Integral $\int\limits_0^a x^b (1 - c x)^d\ \cosh x\,\mathrm dx$ How does one calculate
$$\frac{2\pi^{\frac{m-1}{2}}}{\Gamma \left(\frac{m-1}{2} \right)} \left(\frac{\alpha}{\kappa} \right)^{\frac{1}{\alpha}-1}\int\limits_0^{\kappa/\alpha}x^{m+\frac{1}{\alpha}-2}\cosh(x)\left(1-\left(\frac{\alpha}{\kappa}x\right)\right)^{\frac{2}{\alpha}}dx ?$$
 A: Since there is no context, there are no bounds on the parameters.  Consequently, I have invented bounds and evluated a closely related integral, which evaluation is dependent on those bounds.  If $c \in \mathbb{R}$ and $c > 0$, $\Re(b) > -1$, and $\Re(d) > -1$, 
$$  \int_0^{1/c} \; x^b (1 - c x)^d \cosh(x) \,\mathrm{d}x = 2^{-1-b-d}c^{-1-b}\pi \Gamma(b+1)\Gamma(d+1) \cdot {}_2\overline{F}_3\left( \frac{b+1}{2}, \frac{b+2}{2}; \frac{1}{2}, \frac{1}{2}(b+d+2), \frac{1}{2}(b+d+3); \frac{1}{4 c^2} \right)  \text{,}$$
where ${}_p \overline{F}_q(\vec{a}; \vec{b}; z)$ is the regularized generalized hypergeometric function.

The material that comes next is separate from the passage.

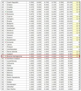 Zanimljivo da smo i uoči ove sezone bili na 41. mjestu, ali smo imali bolji koeficijent (9,75). Razlog tome je što smo u aktuelnoj sezoni zaradili samo 1,5 bod, a sezona koja se naredne godine neće računati (2018/19) 2,0 boda.

A: Doing basically the same as @Eric Towers, for the integral 
$$I=\frac{2\pi^{\frac{m-1}{2}}}{\Gamma \left(\frac{m-1}{2} \right)} \left(\frac{\alpha}{\kappa} \right)^{\frac{1}{\alpha}-1}\int\limits_0^{\kappa/\alpha}x^{m+\frac{1}{\alpha}-2}\cosh(x)\left(1-\frac{\alpha}{\kappa}x\right)^{\frac{2}{\alpha}}\,dx $$
we have
$$I=K\, _2F_3\left(\frac{1}{2 \alpha }+\frac{m-1}{2},\frac{1}{2 \alpha
   }+\frac{m}{2};\frac{1}{2},\frac{3}{2 \alpha }+\frac{m}{2},\frac{3}{2 \alpha
   }+\frac{m+1}{2};\frac{\kappa ^2}{4 \alpha ^2}\right)$$
where
$$K=\frac 2 {\sqrt \pi}\left(\frac { \kappa\sqrt \pi}{\alpha}\right)^m \,\,\frac{ \Gamma \left(1+\frac{2}{\alpha }\right)\,
   \Gamma \left(m+\frac{1}{\alpha
   }-1\right)}{\Gamma \left(\frac{m-1}{2}\right)\, \Gamma
   \left(m+\frac{3}{\alpha }\right)}$$
provided $\qquad \alpha  \kappa >0\land \Re\left(m+\frac{1}{\alpha }\right)>1\land
   \Re\left(\frac{1}{\alpha }\right)>-\frac{1}{2}$